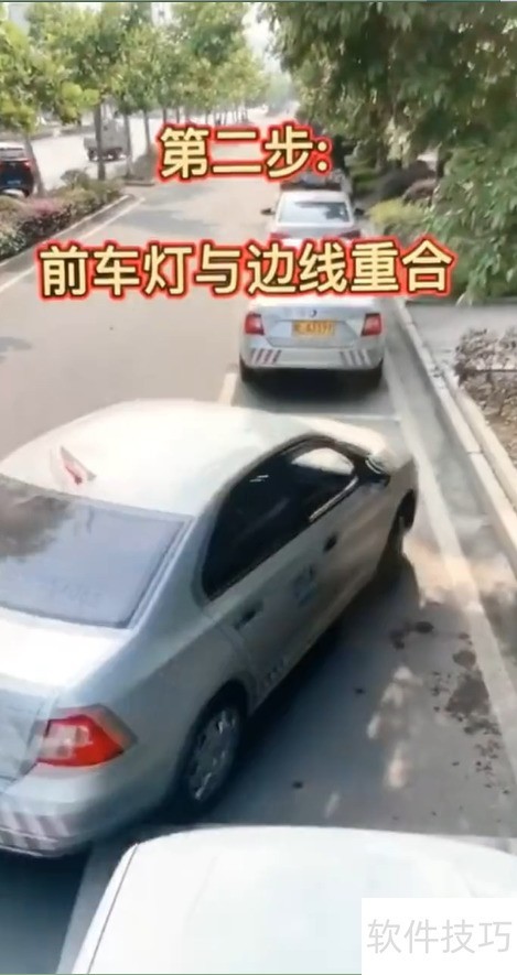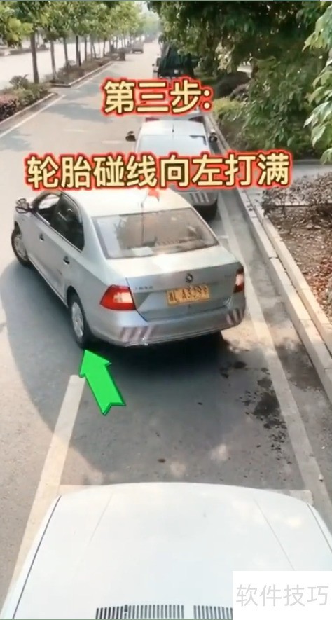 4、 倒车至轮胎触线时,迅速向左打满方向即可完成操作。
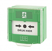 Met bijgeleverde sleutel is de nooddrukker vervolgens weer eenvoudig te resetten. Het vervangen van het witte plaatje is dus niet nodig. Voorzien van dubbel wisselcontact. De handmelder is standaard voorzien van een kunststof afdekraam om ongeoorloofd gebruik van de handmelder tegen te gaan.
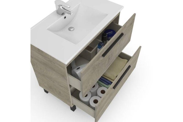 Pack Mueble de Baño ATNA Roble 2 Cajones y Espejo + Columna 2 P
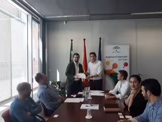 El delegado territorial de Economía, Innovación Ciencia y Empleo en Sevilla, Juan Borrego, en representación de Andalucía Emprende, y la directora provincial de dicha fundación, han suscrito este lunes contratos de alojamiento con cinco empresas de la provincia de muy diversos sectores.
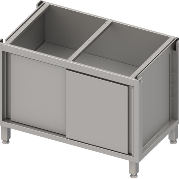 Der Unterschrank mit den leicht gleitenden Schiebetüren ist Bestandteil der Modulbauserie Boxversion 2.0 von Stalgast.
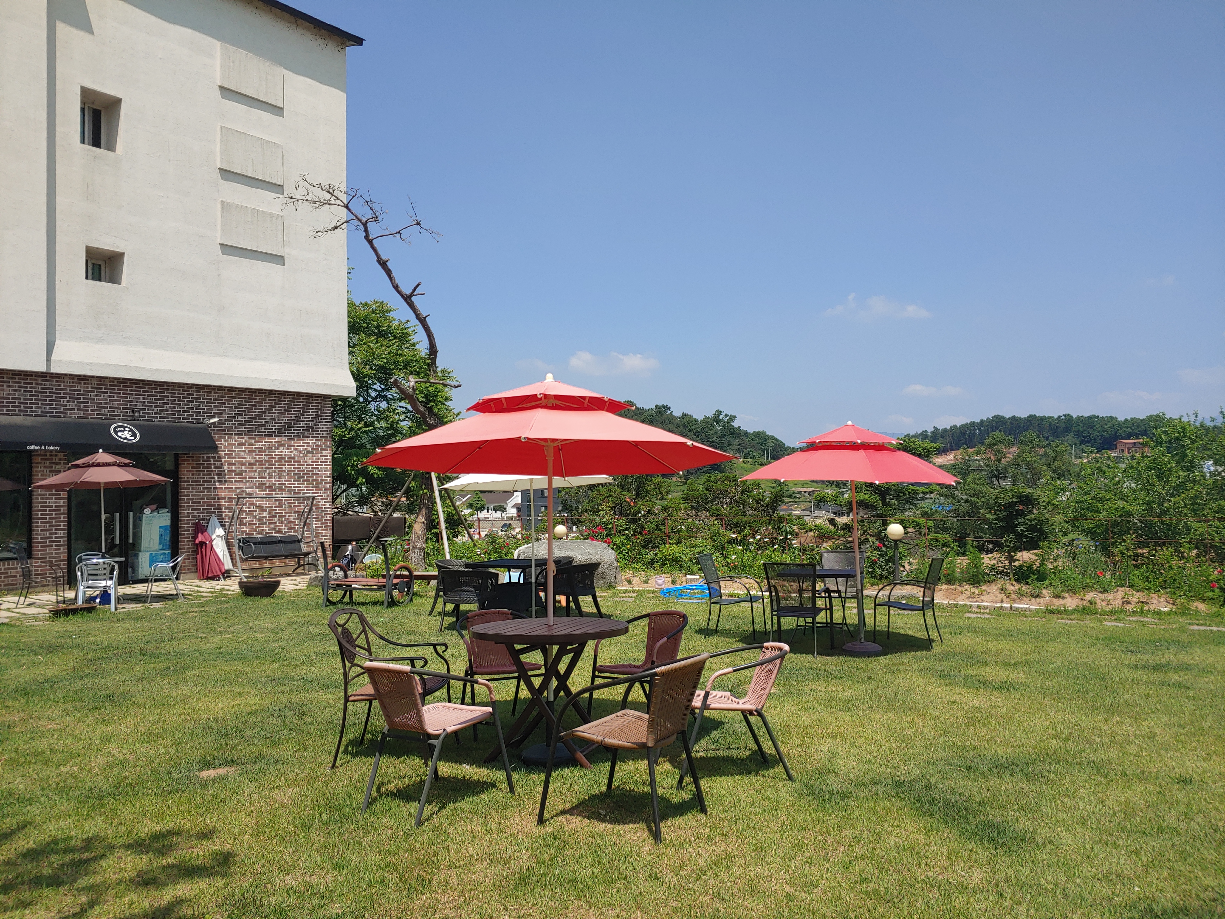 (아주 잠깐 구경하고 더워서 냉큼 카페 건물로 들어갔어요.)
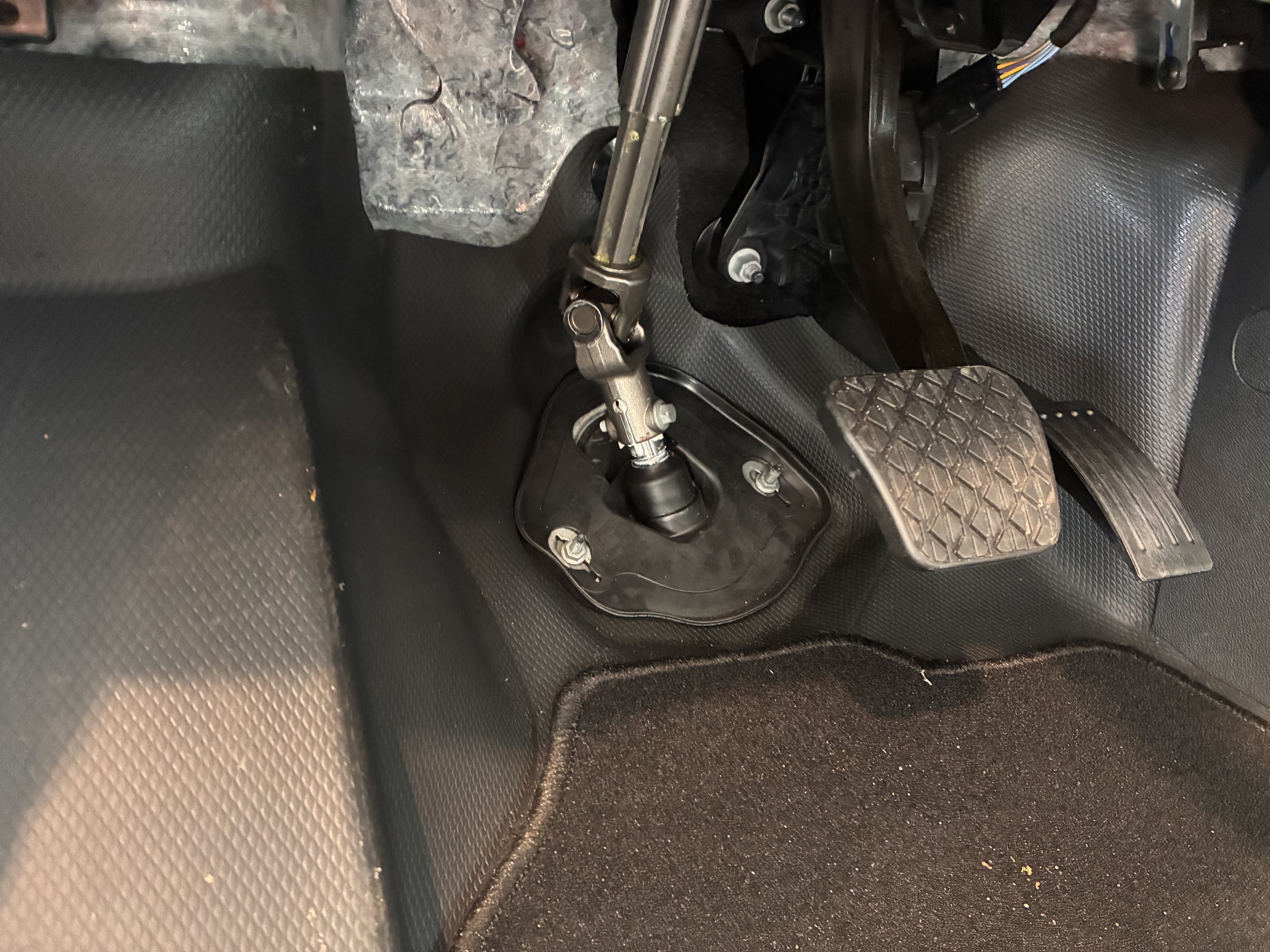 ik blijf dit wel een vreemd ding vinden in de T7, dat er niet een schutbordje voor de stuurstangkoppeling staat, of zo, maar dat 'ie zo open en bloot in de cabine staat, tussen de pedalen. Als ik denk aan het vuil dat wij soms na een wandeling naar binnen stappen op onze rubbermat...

════════

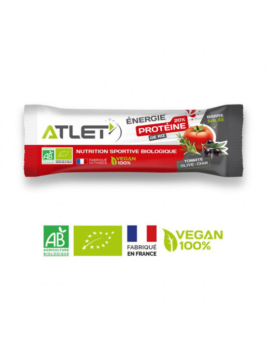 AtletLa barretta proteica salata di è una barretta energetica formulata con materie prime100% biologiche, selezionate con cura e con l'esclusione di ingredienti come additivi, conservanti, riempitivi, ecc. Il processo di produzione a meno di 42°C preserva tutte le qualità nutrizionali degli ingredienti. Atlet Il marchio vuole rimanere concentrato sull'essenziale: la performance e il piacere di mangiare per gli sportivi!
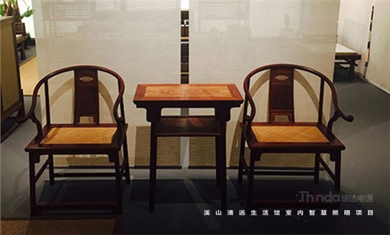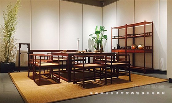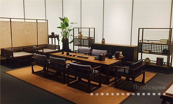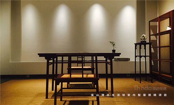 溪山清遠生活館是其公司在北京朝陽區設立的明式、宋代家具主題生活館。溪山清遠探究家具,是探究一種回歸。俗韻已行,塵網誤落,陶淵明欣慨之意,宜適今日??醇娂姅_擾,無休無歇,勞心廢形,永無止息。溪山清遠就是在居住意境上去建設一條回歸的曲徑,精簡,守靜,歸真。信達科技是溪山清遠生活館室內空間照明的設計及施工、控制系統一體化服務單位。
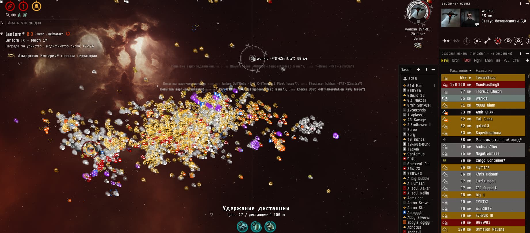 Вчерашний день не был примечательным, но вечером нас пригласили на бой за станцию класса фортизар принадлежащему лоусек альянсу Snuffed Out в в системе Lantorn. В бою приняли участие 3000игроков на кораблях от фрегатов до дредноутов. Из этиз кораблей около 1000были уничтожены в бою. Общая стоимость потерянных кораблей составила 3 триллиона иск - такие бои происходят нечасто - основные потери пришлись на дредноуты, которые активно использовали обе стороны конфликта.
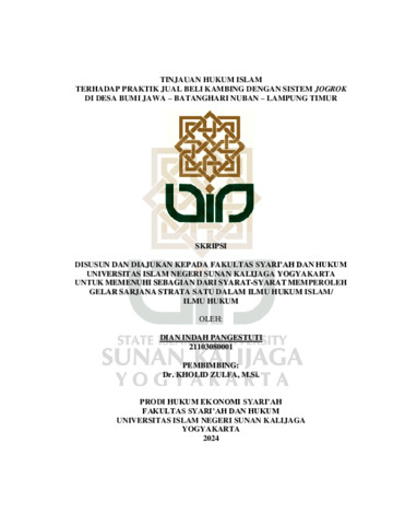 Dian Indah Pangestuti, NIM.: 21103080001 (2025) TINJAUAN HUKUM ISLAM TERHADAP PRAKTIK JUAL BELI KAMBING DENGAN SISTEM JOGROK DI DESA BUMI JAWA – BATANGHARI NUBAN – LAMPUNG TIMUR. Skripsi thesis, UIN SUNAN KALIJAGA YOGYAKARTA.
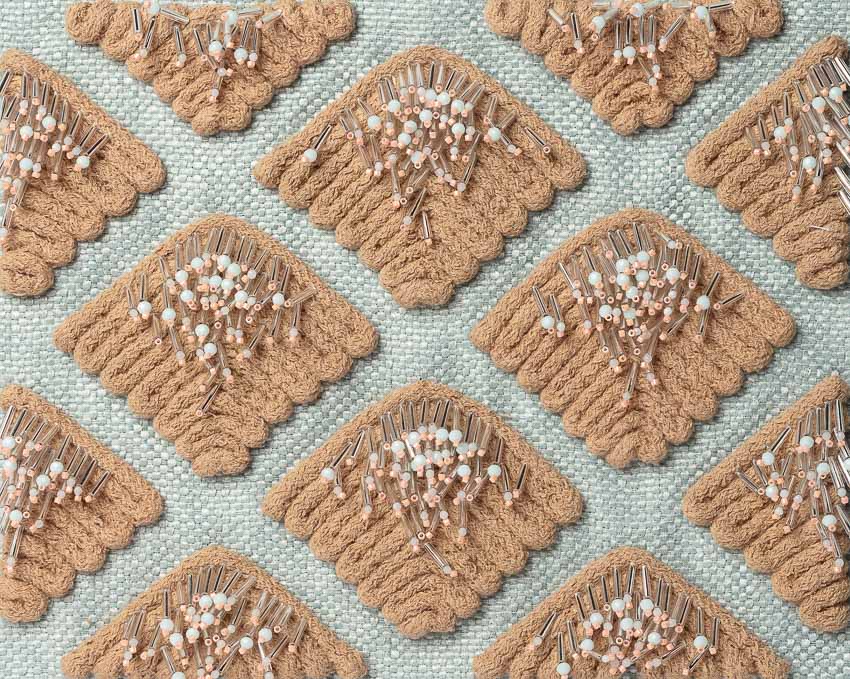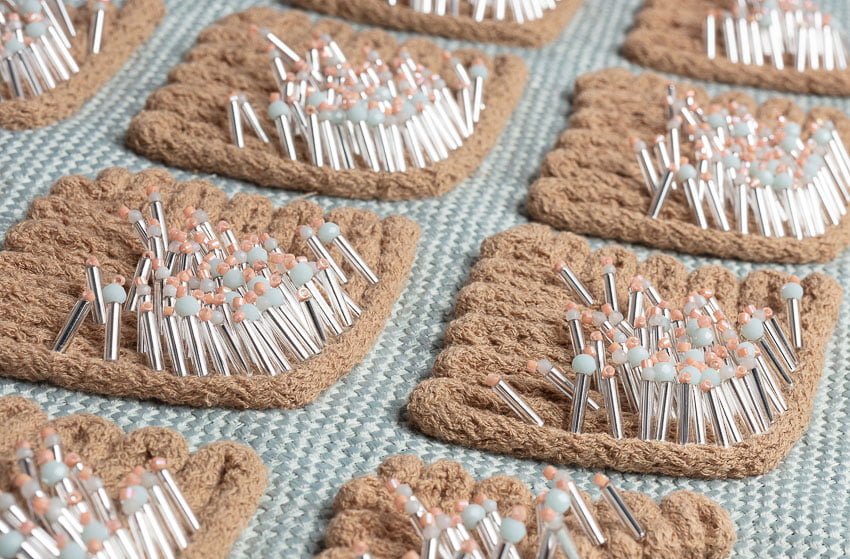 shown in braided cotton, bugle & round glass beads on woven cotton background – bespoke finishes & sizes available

════════

WHAT THE EXERCISE ASKS
Above are records; repeat only the lines from the line with "El delegado territorial" through the line with "(아주 잠깐 구경하고 더워서 냉큼 카페 건물로 들어갔어요.)", and leave pictures out.

ANSWER
 El delegado territorial de Economía, Innovación Ciencia y Empleo en Sevilla, Juan Borrego, en representación de Andalucía Emprende, y la directora provincial de dicha fundación, han suscrito este lunes contratos de alojamiento con cinco empresas de la provincia de muy diversos sectores.
 Der Unterschrank mit den leicht gleitenden Schiebetüren ist Bestandteil der Modulbauserie Boxversion 2.0 von Stalgast.
 (아주 잠깐 구경하고 더워서 냉큼 카페 건물로 들어갔어요.)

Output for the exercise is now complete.